→ Provided information:
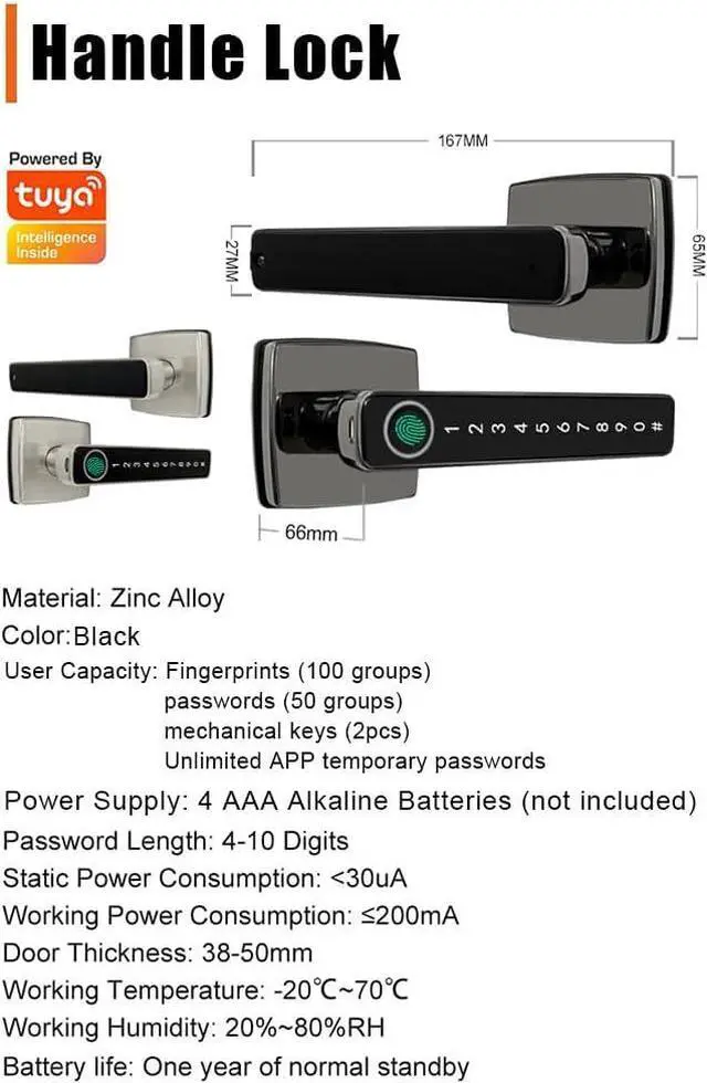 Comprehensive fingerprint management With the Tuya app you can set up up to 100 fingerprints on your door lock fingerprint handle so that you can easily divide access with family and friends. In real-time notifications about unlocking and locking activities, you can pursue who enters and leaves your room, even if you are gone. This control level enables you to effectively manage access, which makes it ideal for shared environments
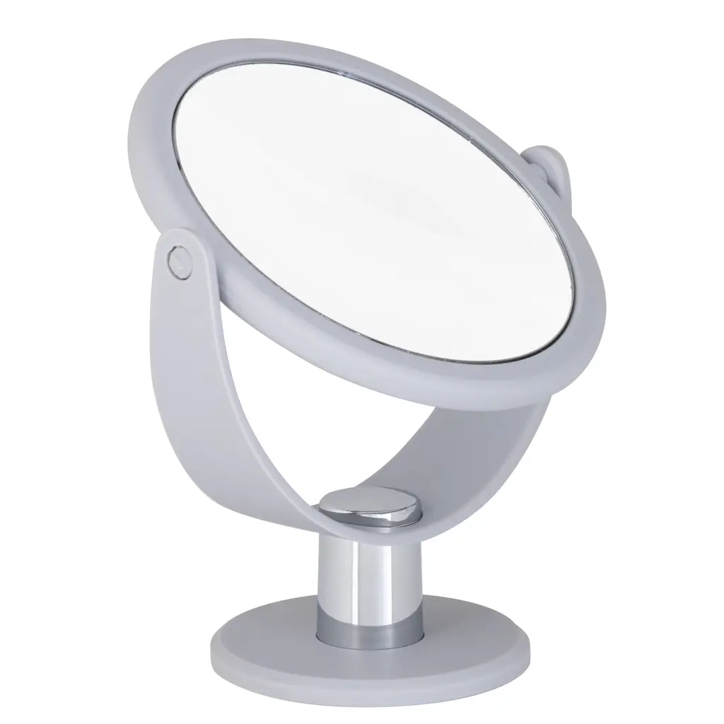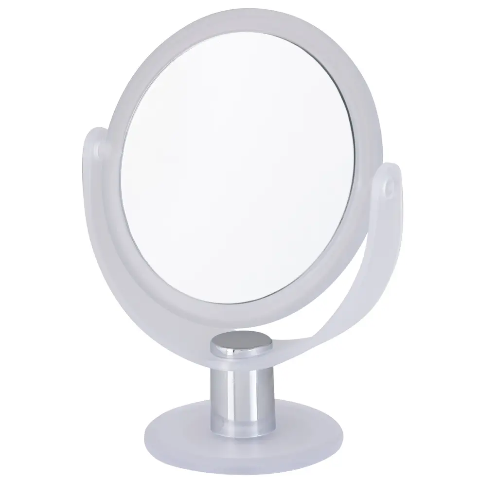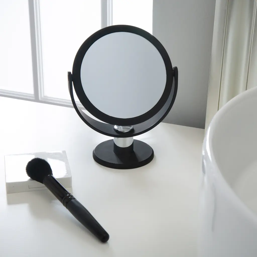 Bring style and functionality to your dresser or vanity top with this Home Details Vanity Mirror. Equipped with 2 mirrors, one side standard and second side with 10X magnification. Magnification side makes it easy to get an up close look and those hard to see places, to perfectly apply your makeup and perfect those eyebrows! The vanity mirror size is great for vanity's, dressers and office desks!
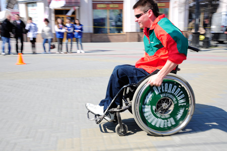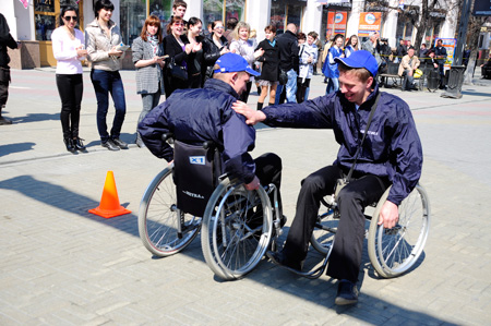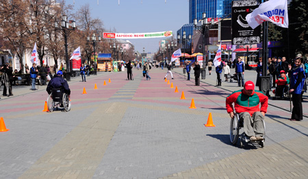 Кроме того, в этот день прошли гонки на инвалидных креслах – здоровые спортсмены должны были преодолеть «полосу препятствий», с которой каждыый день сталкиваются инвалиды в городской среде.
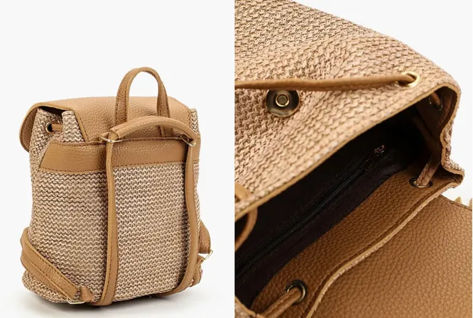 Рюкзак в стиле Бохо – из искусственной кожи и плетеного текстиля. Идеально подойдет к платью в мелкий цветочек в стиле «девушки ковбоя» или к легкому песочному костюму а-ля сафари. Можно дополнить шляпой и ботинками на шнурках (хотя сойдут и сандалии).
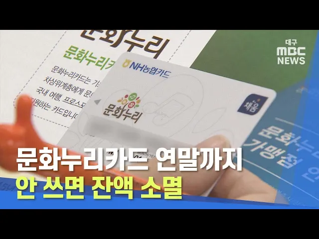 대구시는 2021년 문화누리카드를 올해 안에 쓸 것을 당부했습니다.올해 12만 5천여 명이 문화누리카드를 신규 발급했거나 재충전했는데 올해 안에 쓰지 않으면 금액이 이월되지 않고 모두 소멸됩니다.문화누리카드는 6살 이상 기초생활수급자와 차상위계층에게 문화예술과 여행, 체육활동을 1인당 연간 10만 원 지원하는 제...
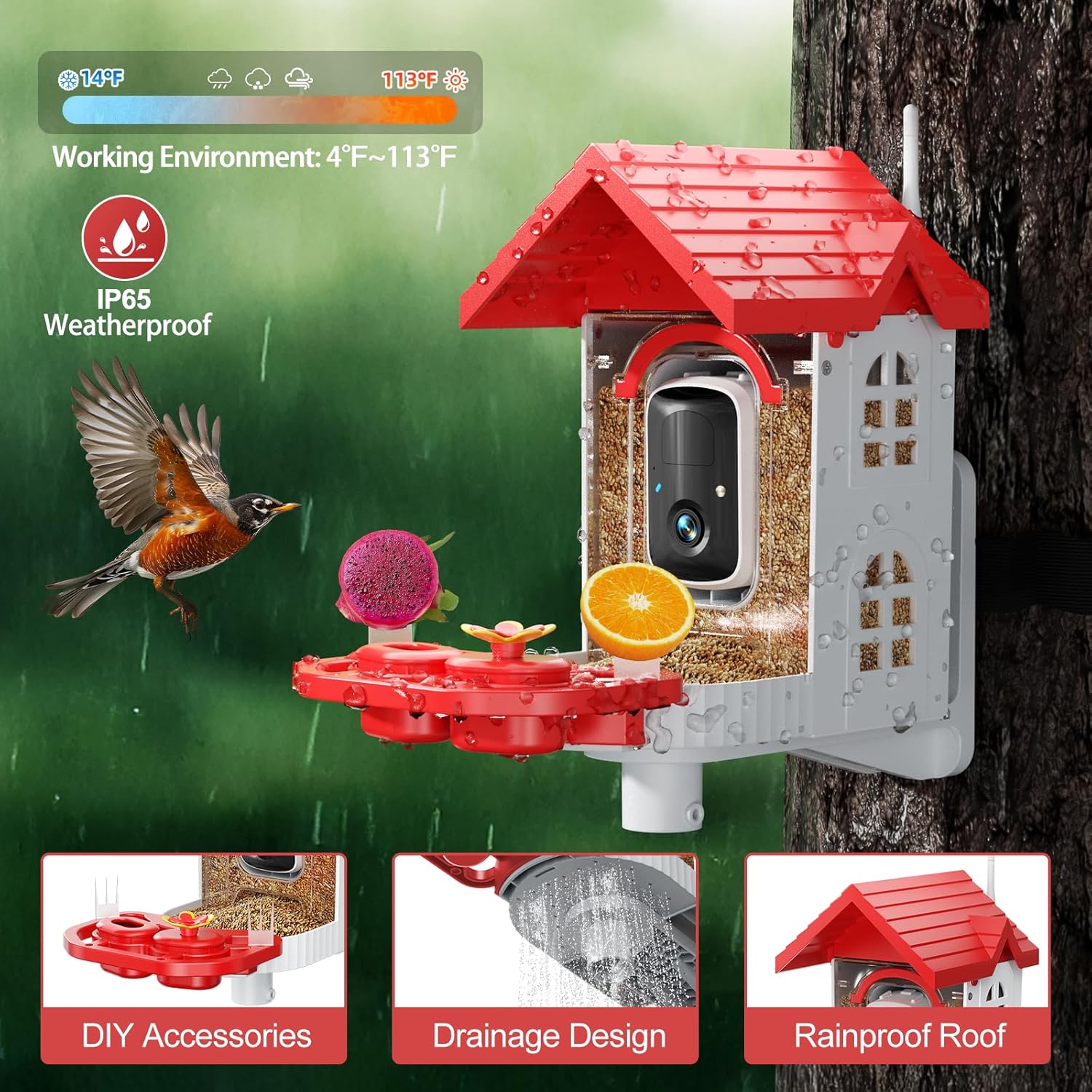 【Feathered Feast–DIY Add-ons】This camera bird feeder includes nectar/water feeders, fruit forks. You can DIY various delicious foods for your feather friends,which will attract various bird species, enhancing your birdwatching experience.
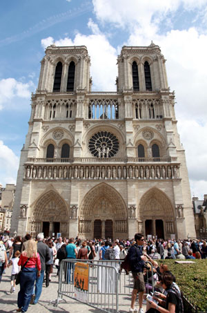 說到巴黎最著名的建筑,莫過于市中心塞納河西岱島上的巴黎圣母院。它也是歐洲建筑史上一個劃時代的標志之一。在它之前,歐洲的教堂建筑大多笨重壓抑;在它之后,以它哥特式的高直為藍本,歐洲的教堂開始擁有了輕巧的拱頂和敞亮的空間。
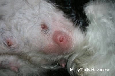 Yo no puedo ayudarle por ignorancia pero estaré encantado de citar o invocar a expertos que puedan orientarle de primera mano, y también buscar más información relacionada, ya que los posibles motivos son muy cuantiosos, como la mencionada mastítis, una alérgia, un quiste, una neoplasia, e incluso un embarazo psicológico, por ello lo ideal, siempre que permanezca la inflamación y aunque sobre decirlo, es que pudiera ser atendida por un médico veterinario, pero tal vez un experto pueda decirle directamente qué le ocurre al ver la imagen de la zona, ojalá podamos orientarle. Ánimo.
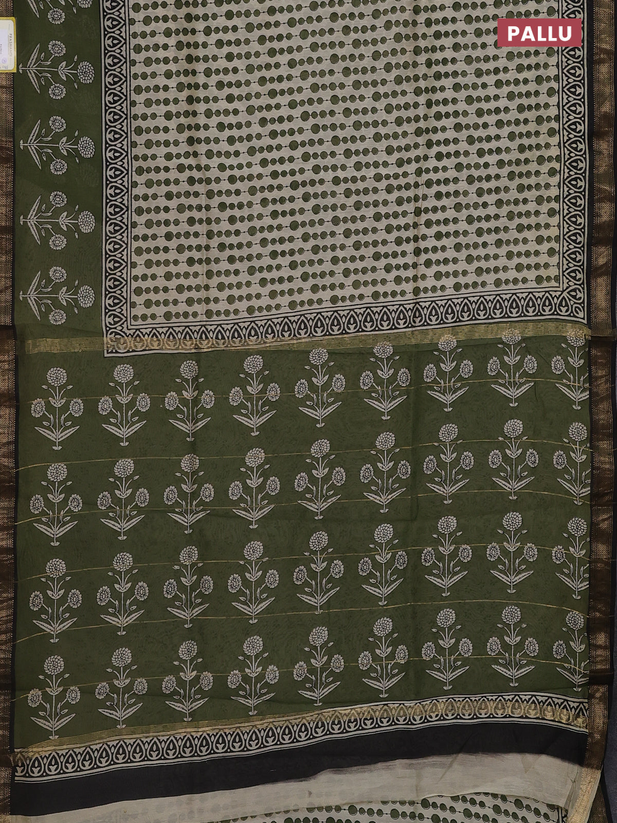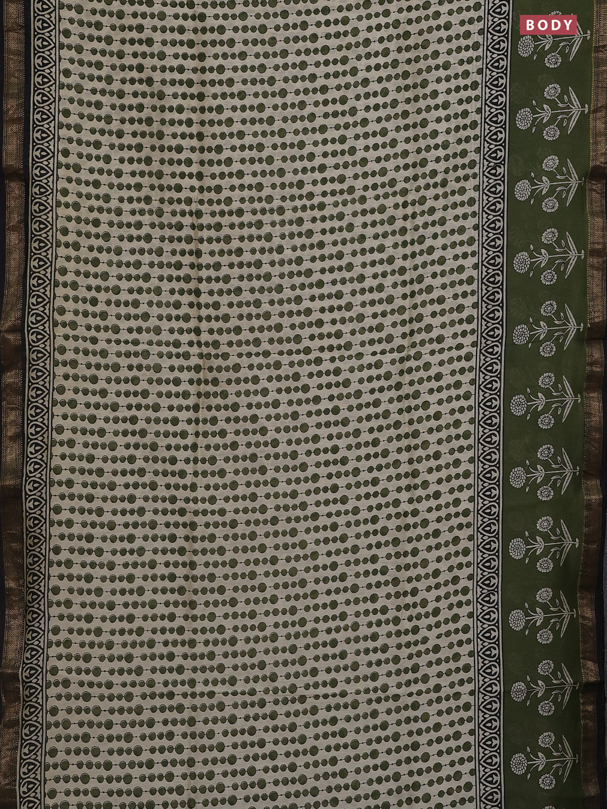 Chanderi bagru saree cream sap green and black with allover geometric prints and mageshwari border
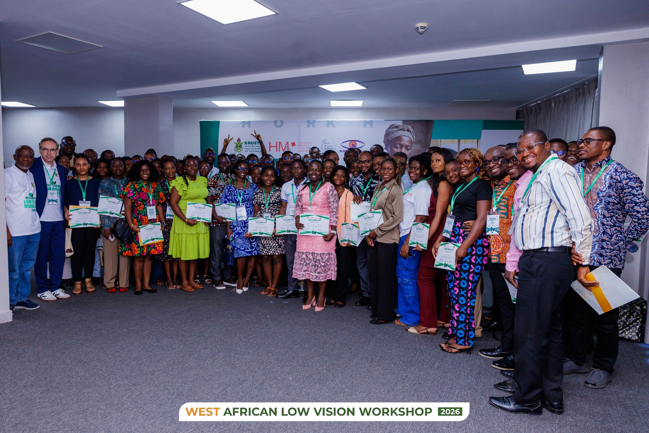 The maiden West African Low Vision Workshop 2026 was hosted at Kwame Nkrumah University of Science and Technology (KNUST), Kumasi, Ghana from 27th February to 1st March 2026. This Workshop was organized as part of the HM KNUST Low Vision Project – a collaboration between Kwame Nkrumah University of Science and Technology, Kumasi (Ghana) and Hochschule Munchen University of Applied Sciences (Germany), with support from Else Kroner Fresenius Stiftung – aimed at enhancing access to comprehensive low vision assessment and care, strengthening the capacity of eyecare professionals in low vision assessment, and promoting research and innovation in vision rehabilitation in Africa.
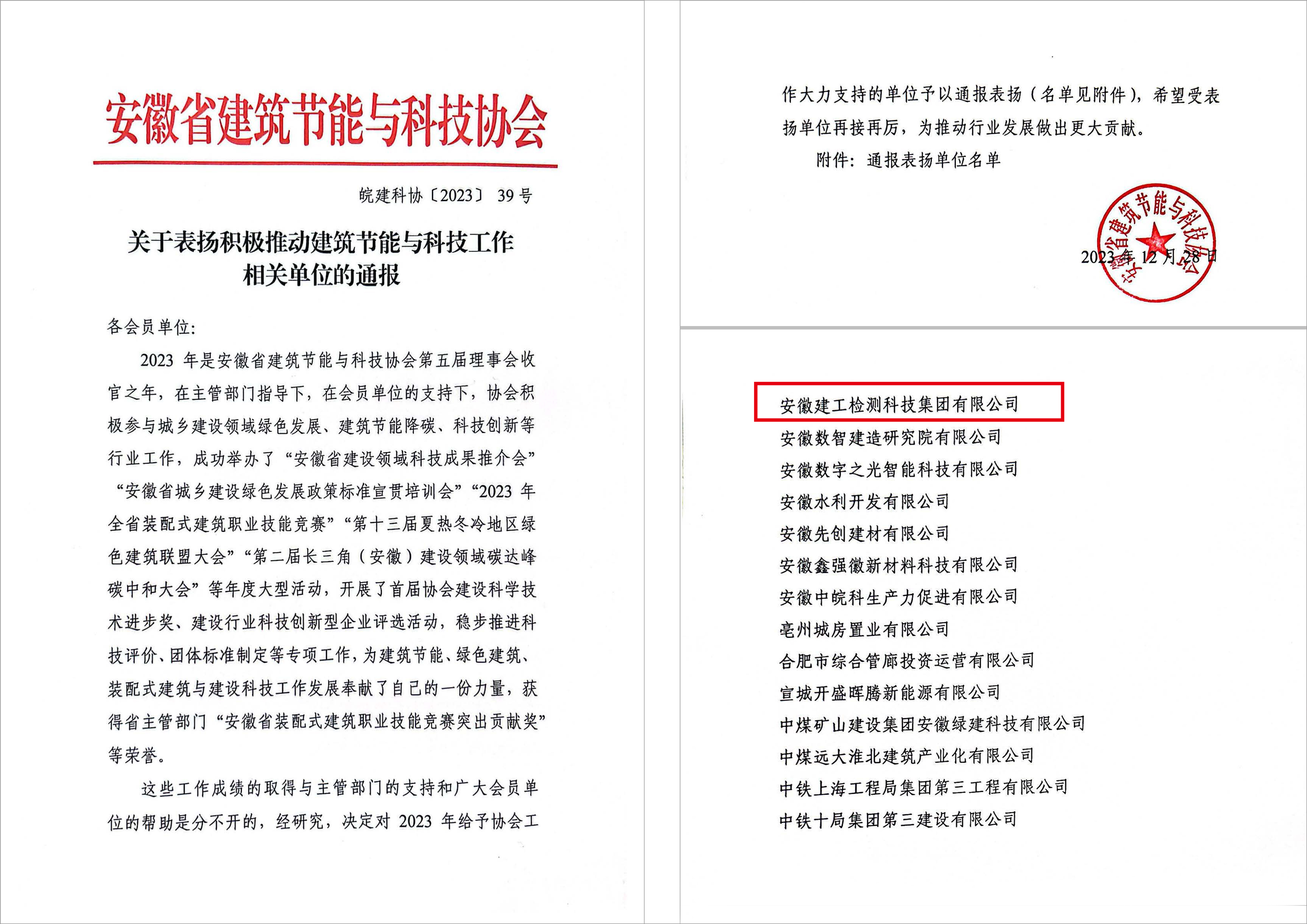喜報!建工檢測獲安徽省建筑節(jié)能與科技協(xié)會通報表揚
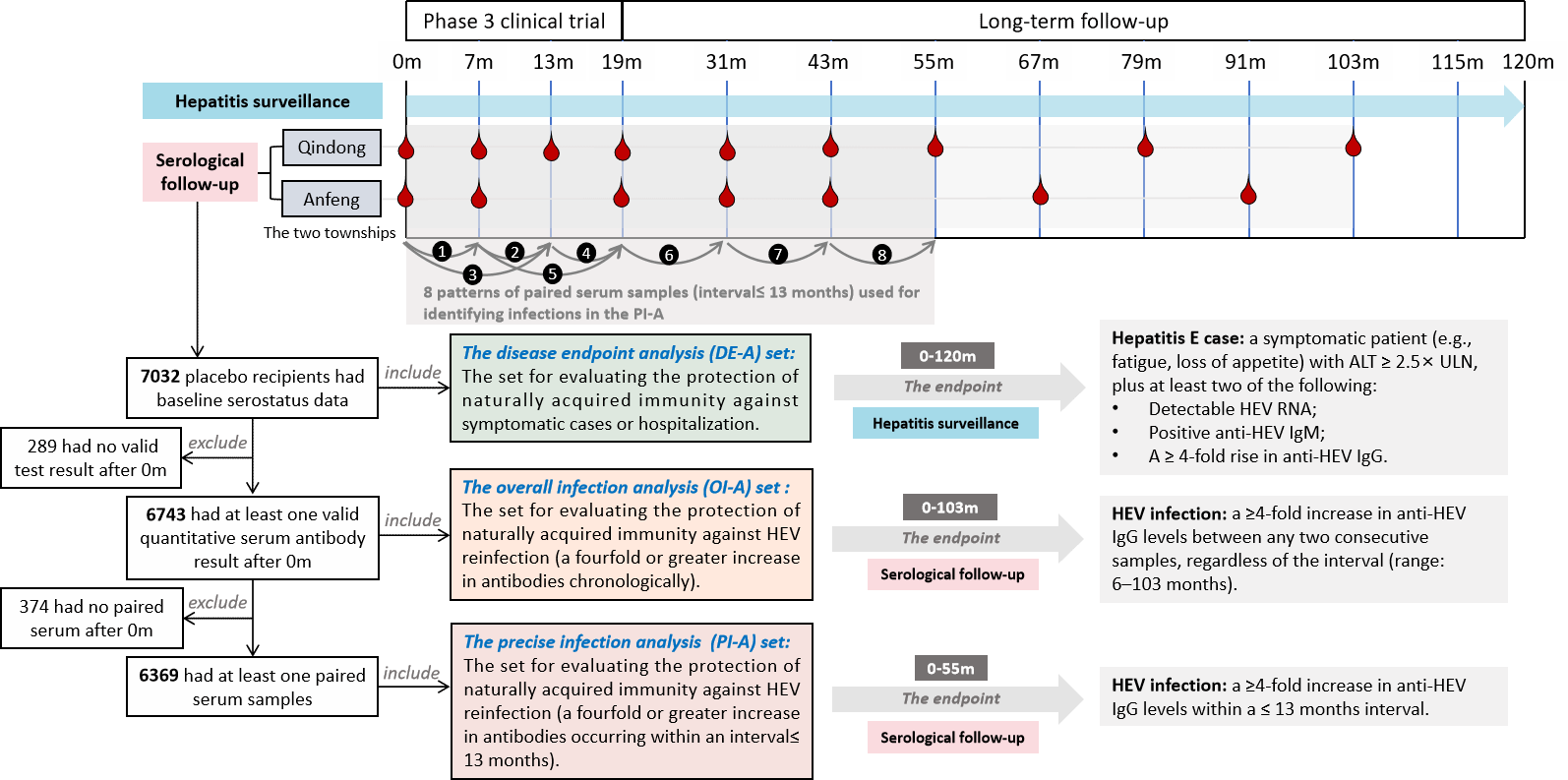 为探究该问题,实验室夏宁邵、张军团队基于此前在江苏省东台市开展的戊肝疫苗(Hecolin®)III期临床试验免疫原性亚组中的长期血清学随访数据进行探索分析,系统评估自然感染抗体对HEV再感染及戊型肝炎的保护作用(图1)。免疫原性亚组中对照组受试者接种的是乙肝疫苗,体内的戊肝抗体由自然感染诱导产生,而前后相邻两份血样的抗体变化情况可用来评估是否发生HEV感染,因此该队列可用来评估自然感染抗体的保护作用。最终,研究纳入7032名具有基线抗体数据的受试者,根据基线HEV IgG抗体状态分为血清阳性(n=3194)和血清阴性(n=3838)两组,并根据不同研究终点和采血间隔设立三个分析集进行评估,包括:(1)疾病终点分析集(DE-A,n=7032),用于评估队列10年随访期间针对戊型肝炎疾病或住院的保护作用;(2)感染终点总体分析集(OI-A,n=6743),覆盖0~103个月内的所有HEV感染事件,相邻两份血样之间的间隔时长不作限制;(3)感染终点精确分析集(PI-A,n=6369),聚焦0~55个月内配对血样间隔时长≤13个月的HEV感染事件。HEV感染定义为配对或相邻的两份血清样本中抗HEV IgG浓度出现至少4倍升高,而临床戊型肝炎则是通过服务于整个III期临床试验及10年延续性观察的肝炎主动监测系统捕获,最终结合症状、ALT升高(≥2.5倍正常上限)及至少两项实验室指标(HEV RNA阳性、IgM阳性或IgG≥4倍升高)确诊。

→ About this exercise:
Please copy the data shown above word for word, omitting the pictures.

→ Written answer:
 Comprehensive fingerprint management With the Tuya app you can set up up to 100 fingerprints on your door lock fingerprint handle so that you can easily divide access with family and friends. In real-time notifications about unlocking and locking activities, you can pursue who enters and leaves your room, even if you are gone. This control level enables you to effectively manage access, which makes it ideal for shared environments
 Bring style and functionality to your dresser or vanity top with this Home Details Vanity Mirror. Equipped with 2 mirrors, one side standard and second side with 10X magnification. Magnification side makes it easy to get an up close look and those hard to see places, to perfectly apply your makeup and perfect those eyebrows! The vanity mirror size is great for vanity's, dressers and office desks!
 Кроме того, в этот день прошли гонки на инвалидных креслах – здоровые спортсмены должны были преодолеть «полосу препятствий», с которой каждыый день сталкиваются инвалиды в городской среде.
 Рюкзак в стиле Бохо – из искусственной кожи и плетеного текстиля. Идеально подойдет к платью в мелкий цветочек в стиле «девушки ковбоя» или к легкому песочному костюму а-ля сафари. Можно дополнить шляпой и ботинками на шнурках (хотя сойдут и сандалии).
 대구시는 2021년 문화누리카드를 올해 안에 쓸 것을 당부했습니다.올해 12만 5천여 명이 문화누리카드를 신규 발급했거나 재충전했는데 올해 안에 쓰지 않으면 금액이 이월되지 않고 모두 소멸됩니다.문화누리카드는 6살 이상 기초생활수급자와 차상위계층에게 문화예술과 여행, 체육활동을 1인당 연간 10만 원 지원하는 제...
 【Feathered Feast–DIY Add-ons】This camera bird feeder includes nectar/water feeders, fruit forks. You can DIY various delicious foods for your feather friends,which will attract various bird species, enhancing your birdwatching experience.
 說到巴黎最著名的建筑,莫過于市中心塞納河西岱島上的巴黎圣母院。它也是歐洲建筑史上一個劃時代的標志之一。在它之前,歐洲的教堂建筑大多笨重壓抑;在它之后,以它哥特式的高直為藍本,歐洲的教堂開始擁有了輕巧的拱頂和敞亮的空間。
 Yo no puedo ayudarle por ignorancia pero estaré encantado de citar o invocar a expertos que puedan orientarle de primera mano, y también buscar más información relacionada, ya que los posibles motivos son muy cuantiosos, como la mencionada mastítis, una alérgia, un quiste, una neoplasia, e incluso un embarazo psicológico, por ello lo ideal, siempre que permanezca la inflamación y aunque sobre decirlo, es que pudiera ser atendida por un médico veterinario, pero tal vez un experto pueda decirle directamente qué le ocurre al ver la imagen de la zona, ojalá podamos orientarle. Ánimo.
 Chanderi bagru saree cream sap green and black with allover geometric prints and mageshwari border
 The maiden West African Low Vision Workshop 2026 was hosted at Kwame Nkrumah University of Science and Technology (KNUST), Kumasi, Ghana from 27th February to 1st March 2026. This Workshop was organized as part of the HM KNUST Low Vision Project – a collaboration between Kwame Nkrumah University of Science and Technology, Kumasi (Ghana) and Hochschule Munchen University of Applied Sciences (Germany), with support from Else Kroner Fresenius Stiftung – aimed at enhancing access to comprehensive low vision assessment and care, strengthening the capacity of eyecare professionals in low vision assessment, and promoting research and innovation in vision rehabilitation in Africa.
喜報!建工檢測獲安徽省建筑節(jié)能與科技協(xié)會通報表揚
 为探究该问题,实验室夏宁邵、张军团队基于此前在江苏省东台市开展的戊肝疫苗(Hecolin®)III期临床试验免疫原性亚组中的长期血清学随访数据进行探索分析,系统评估自然感染抗体对HEV再感染及戊型肝炎的保护作用(图1)。免疫原性亚组中对照组受试者接种的是乙肝疫苗,体内的戊肝抗体由自然感染诱导产生,而前后相邻两份血样的抗体变化情况可用来评估是否发生HEV感染,因此该队列可用来评估自然感染抗体的保护作用。最终,研究纳入7032名具有基线抗体数据的受试者,根据基线HEV IgG抗体状态分为血清阳性(n=3194)和血清阴性(n=3838)两组,并根据不同研究终点和采血间隔设立三个分析集进行评估,包括:(1)疾病终点分析集(DE-A,n=7032),用于评估队列10年随访期间针对戊型肝炎疾病或住院的保护作用;(2)感染终点总体分析集(OI-A,n=6743),覆盖0~103个月内的所有HEV感染事件,相邻两份血样之间的间隔时长不作限制;(3)感染终点精确分析集(PI-A,n=6369),聚焦0~55个月内配对血样间隔时长≤13个月的HEV感染事件。HEV感染定义为配对或相邻的两份血清样本中抗HEV IgG浓度出现至少4倍升高,而临床戊型肝炎则是通过服务于整个III期临床试验及10年延续性观察的肝炎主动监测系统捕获,最终结合症状、ALT升高(≥2.5倍正常上限)及至少两项实验室指标(HEV RNA阳性、IgM阳性或IgG≥4倍升高)确诊。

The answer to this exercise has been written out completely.